Back in April, we noticed that several of our applications, but not all, were quite frequently timing out querying either internal or external services, regardless of the ports or protocols. Reproducing the issue was as simple as using cURL in any of our containers, to any destination, where the majority of the queries would stall for durations close to multiples of five seconds. Five seconds, you say? That is generally the red flag for DNS issues. Let’s figure out…
An initial look at the problem
With our Kubernetes stacks using recent and fairly trusted components (AWS, Kubernetes 1.10.2, Weave, CoreDNS) and given the experience I acquired while architecting and developing Tectonic at CoreOS, I was pretty confident our clusters were all pretty well configured overall. But still, Kubernetes has various moving pieces, and subtle issues may be introduced at any of those layers – where might that be this time? Unlike the OpenStack world, switching a component by another in Kubernetes is fairly easy thanks to the amazingly simple interfaces the system is built onto (e.g. CNI), and the incredible implementation diversity that the community offers. I, therefore, decided to invest an hour using iptables rather than IPVS, then replacing Weave by Calico, and CoreDNS by the older KubeDNS, in order to rule them out – no luck, the issue is still there. I noticed however that using Weave without fastdp made the issue disappear, but there is no such thing as using Weave without fastdp.

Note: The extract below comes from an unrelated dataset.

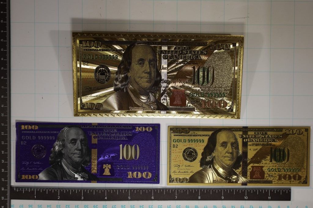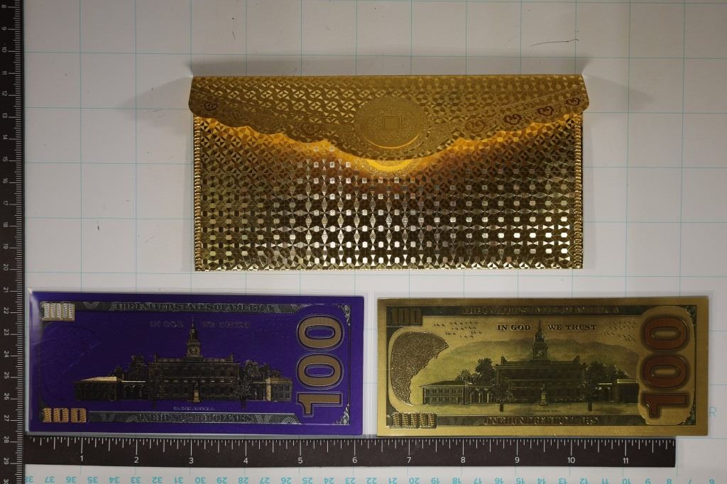 IS REGULAR GOLD COLOR AND ONE IS BLUE FOIL), BOTH ARE IN PLASTIC SLEEVES THAT ARE IN A VERY NICE DETAILED US $100 ENVELOPE. ALL ONCE AGAIN ARE 999999 GOLD FOIL AND VERY DETAILED, FANCY AND ALL CRISP UNC
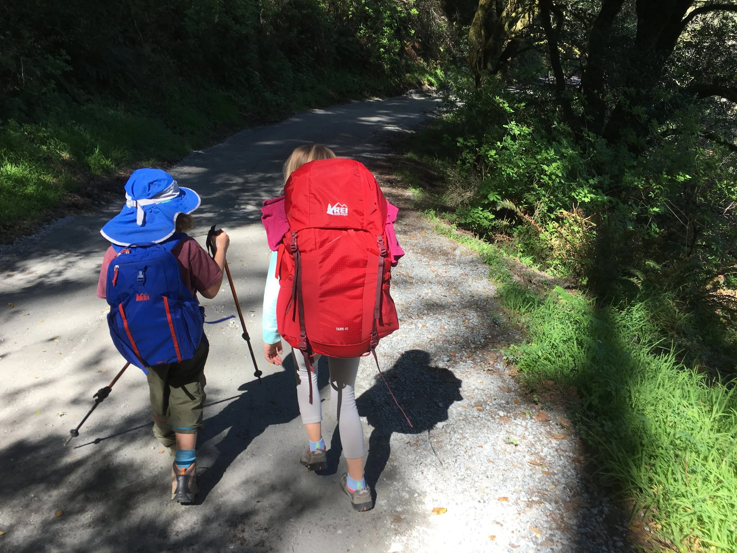 Once we put on our packs, the hike itself took about an hour. All of us wore backpacks, younger ones wearing a day pack with more personal belongings. My now 9-year-old daughter has managed a small internal frame backpack with her sleeping bag, pad, clothes, and pack pillow since last year.

I then remembered various networking issues we had at CoreOS while working on Tectonic for Azure, due to a TX checksum offloading malfunction in their hypervisors / LB implementation, unlikely relevant here. The clusters and their nodes were mostly idle, the ARP tables looked totally fine: without stale entries (as it occurred with kube-proxy before), and not full. Back to square one.
Going deeper, and discovering a time-saving feature of CoreDNS
Looking at the facts again, the issue occurs with some applications, but not all of them, most of the time, but not always. The base image of the containers does not seem to have an effect on the numbers. There were a few issues opened here and there during the past few months about DNS latency, some of them totally unrelated (e.g. scalability, misconfiguration, ARP tables being full).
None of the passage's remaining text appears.